Among the most regular of regulars is Shortie. True to his nickname, he is a slight man, clad in jeans and a leather jacket, his reddish beard tinted with some gray. Sitting on a stool at the Zebra one chilly Sunday morning, he talks about maybe hopping a train back to New Jersey. His face is weathered and drawn, but his voice is alive and strong.

“December, maybe January, and then, swoosh, I’m outta here,” he says, punctuating his words with a swipe of his hand. He’s sipping a cold Pabst Blue Ribbon, feeling loose.

Shortie says he first came to Sacramento in 1973, literally falling off of a freight train. He ended up then at the Old Tavern, getting a beer to nurse the scrapes he picked up in the fall. A job sweeping the floors soon followed, and he has been coming in and out of the place ever since.

“I come back and work there every year,” he says between sips of his beer. He’s proud of the fact that he works for his drinks and quick to point out he isn’t a bum.

“There are three kinds of homeless guys,” he explains with pride. “There’s the hobo, who just stays in his camp and doesn’t come out too much. Then there’s the bum, who hangs around and begs people for money. Me, I’m a tramp. Tramps work for what we get, and we don’t ask nobody for nothing. I don’t get SSI, welfare, not a damned thing from the government. I don’t want anything from the government.”

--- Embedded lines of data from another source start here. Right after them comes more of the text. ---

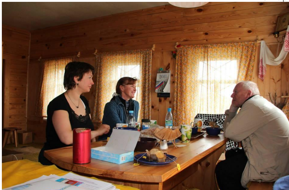
Беседа по душам. Штабной компаунд
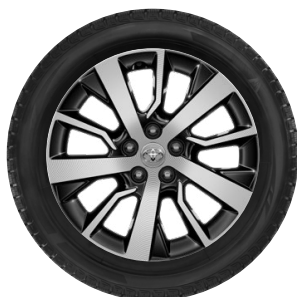
17" könnyűfém felni Alapfelszereltség a Comfort felszereltségnél
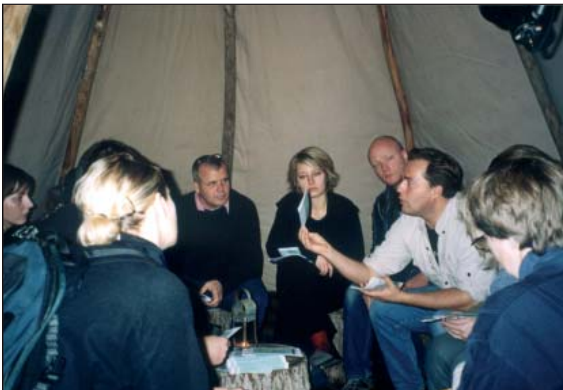
Introdage i Rådhushallen

Også de nye lærere og pædagoger og andre interesserede i København havde mulighed for at lære Miljøtjenesten at kende ved november måneds „Intro for nye lærere og pædagoger“ i Rådhushallen. Her kunne de besøgende høre om de mange tilbud, Miljøtjenesten har til Københavns børn og unge indenfor miljøformidling. Kulisserne var hentet fra efterårets store arrangement „Skeletter i Parken“ og gav de besøgende mulighed for at samle et helt menneske af skeletdele eller lege arkæologer for en dag, mens de gravede i en køkkenmødding efter dyreknogler.
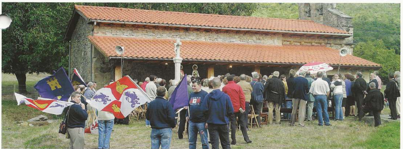
Taranco en el Día del Nombre de Castilla
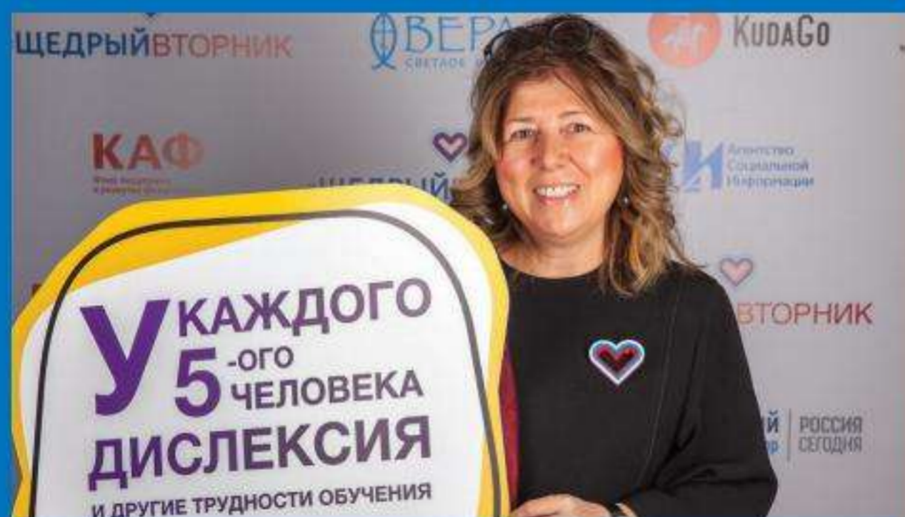
* Логотипы и шаблоны вы можете бесплатно скачать на сайте: щедрыйвторник.рф
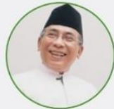
Dr. (HC) KH Yahya C Stakuf (Ketua Umum PBNU)
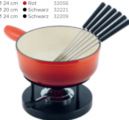
Käsefondueset Induktion Eisenguss inkl. Caquelon, Rechaud Simple*, 6 Kunststoffgabeln schwarz, Pastenbrenner gefüllt. Ø 24 cm ● Rot* 32236
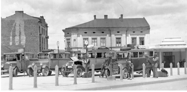
Plac Zgody (obecnie Plac Bohaterów Getta) w 1931 r.

którzy nie otrzymali pieczętek „na życie”, jak je później określano w relacjach. Do transportów w pierwszej kolejności skierowano głównie starszych, chorych, a także kobiety ciężarne i z dziećmi. Nierzadko deportowano kilka osób z jednej rodziny.

Shortie speaks openly about his life, wavering only as he mentions the death of his first wife. Talk of his family reveals that he has kids he has not seen in years, and grandchildren he hasn’t seen at all. This subject seems to take away some of his interest in talking.

He downs the last of his brew and announces he is heading back to The Old Tavern. It is not quite 8 a.m. and things are picking up at the Zebra as people begin to filter in for the breakfast Crawford is cooking in the kitchen. Shortie disappears with a loud laugh.

Over at the Press Club, things are not nearly as lively. Several of the faces bellied up to the bar now look familiar. Even Mike the dog is here, woofing at new arrivals.

“We only open early on the weekend,” says Larry Blankinship, the bartender. “We only get the regulars. The only exception to that is if one of the band members from the night before comes in.”

One of those regulars, Bobby, is delivering his meandering dissertation on life. His small audience listens politely, offering a smile and a laugh when appropriate, before seizing a break in the already-slurred monologue to say goodbye.

The Old Tavern is bright and well lighted, a pleasant diversion from the dark and heavy atmosphere of the other early-morning haunts. Shortie is already there, actively caught up in a conversation with a woman friend who is playing a video card game at a machine on the counter.

Several other folks mill about, playing pool or just clustering about to talk about The X-Files and have a drink or two. Gilbert chats happily, sipping at a cup of coffee. Yet when someone notes his low-octane choice of beverage, Gilbert holds up his empty shot glass of brandy and smiles.

Gilbert talks about his mother, his career aspirations and his plans for Thanksgiving. Along the way, he orders a screwdriver—ostensibly to mask the smell of liquor on his breath when he later goes to visit mom.

“Make it a good one please,” he asks as the bartender measures out the vodka.

Glenda, the bartender assigned to the job, dutifully follows orders and fills the tall glass three-quarters of the way to the top.

The action ebbs and flows quite a bit over the next half hour. Shortie had said that people come and go frequently here, much more than any of the other spots, and he is right. Only the stalwarts at the bar—Gilbert, and a few others—seem to linger. Slowly each of their stories comes out, each one a measure of sadness tinged with faint optimism.

The drinks have been flowing for a couple of hours now, and it’s beginning to show. Voices get louder and less clear, the stories get alternately funnier and sadder and the departing patrons seem a little less steady on their feet as they step out into the cool, crisp morning air.